Q6: What is the difference between XPath and CSS Selectors?
Answer: CSS Selectors: simpler syntax, familiar to web developers, forward-only navigation (parent to child). XPath: more powerful, bidirectional navigation (can go from child to parent), supports text-based selection. CSS is sufficient for 90% of cases; use XPath when you need parent traversal or complex text conditions.
Q7: What is the best approach for error handling in Web Scraping?
Answer: Multi-layer error handling: (1) Network level — try/except requests.RequestException, set timeout, (2) HTTP level — response.raise_for_status() to catch 4xx/5xx, (3) Parse level — check for None before accessing attributes, (4) Data level — validate extracted data types and formats. Add retries with exponential backoff for transient errors.
Q8: What is robots.txt and what is its importance in scraping?

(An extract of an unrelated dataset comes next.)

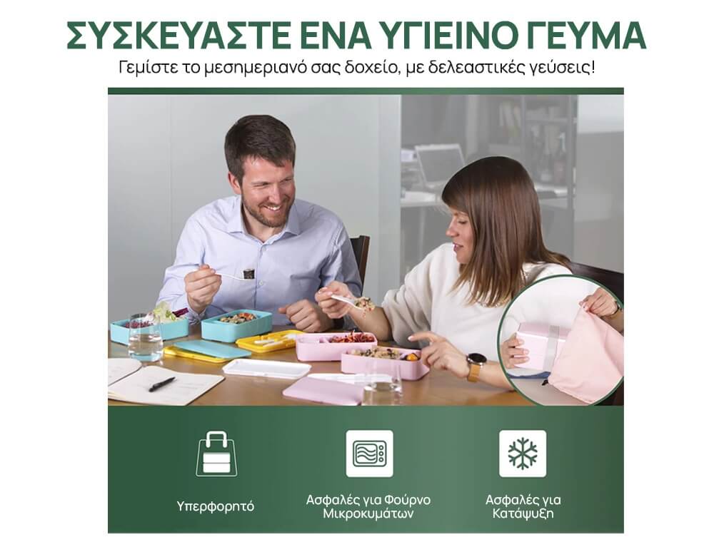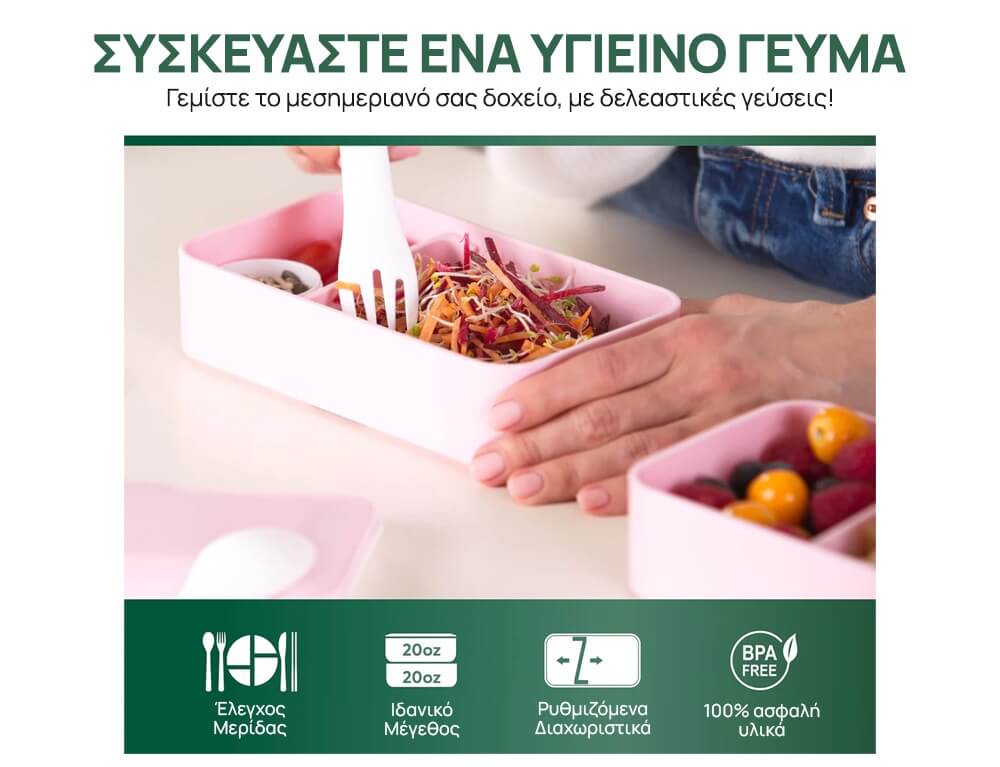 Χρησιμοποιήστε τα διπλά κουτιά bento με ρυθμιζόμενα διαχωριστικά για την προετοιμασία των φαγητών. Κάντε μια στρώση αλμυρή ή χρησιμοποιήστε την ως δοχείο σαλάτας/σάντουιτς και κάντε τη δεύτερη στρώση γλυκιά με φρούτα ή επιδόρπιο για μεσημεριανό γεύμα.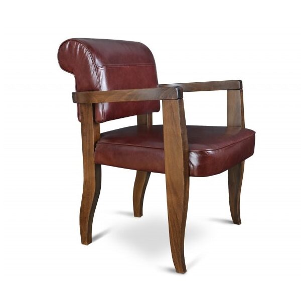 Corpul fotoliului este realizat din lemn de nuc usor curbat termic.

Answer: robots.txt is a standard file at a website's root (e.g., https://example.com/robots.txt) that tells web crawlers which paths are allowed or disallowed for scraping. Respecting it is ethical practice and can protect you from legal issues. Use urllib.robotparser to programmatically check permissions.

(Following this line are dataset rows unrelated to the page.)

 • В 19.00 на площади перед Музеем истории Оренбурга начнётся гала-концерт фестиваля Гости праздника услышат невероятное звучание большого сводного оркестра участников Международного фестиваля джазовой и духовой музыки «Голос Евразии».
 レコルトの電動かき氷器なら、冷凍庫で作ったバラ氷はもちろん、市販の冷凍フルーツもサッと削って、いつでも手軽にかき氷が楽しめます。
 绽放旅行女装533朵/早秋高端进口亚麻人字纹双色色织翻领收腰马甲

Q9: How do you design a data pipeline for a large-scale scraping project?
Answer: Production pipeline: (1) URL Queue — store URLs in Redis/RabbitMQ, (2) Fetcher — concurrent HTTP requests with rate limiting, (3) Parser — extract structured data from HTML, (4) Validator — check data quality and completeness, (5) Storage — write to database/file with deduplication, (6) Monitor — track success rates, errors, and performance metrics.
Q10: What are the best tools for scraping dynamic websites (SPAs)?
Answer: For Single Page Applications (React, Angular, Vue): (1) Selenium — most popular, full browser automation, but slow, (2) Playwright — Microsoft's modern alternative, supports Chromium/Firefox/WebKit, faster than Selenium, (3) Puppeteer — Google's Node.js solution, Chrome-only but very fast, (4) Splash — lightweight headless browser as a service (with Scrapy), (5) requests-html — simple JS rendering for basic SPAs.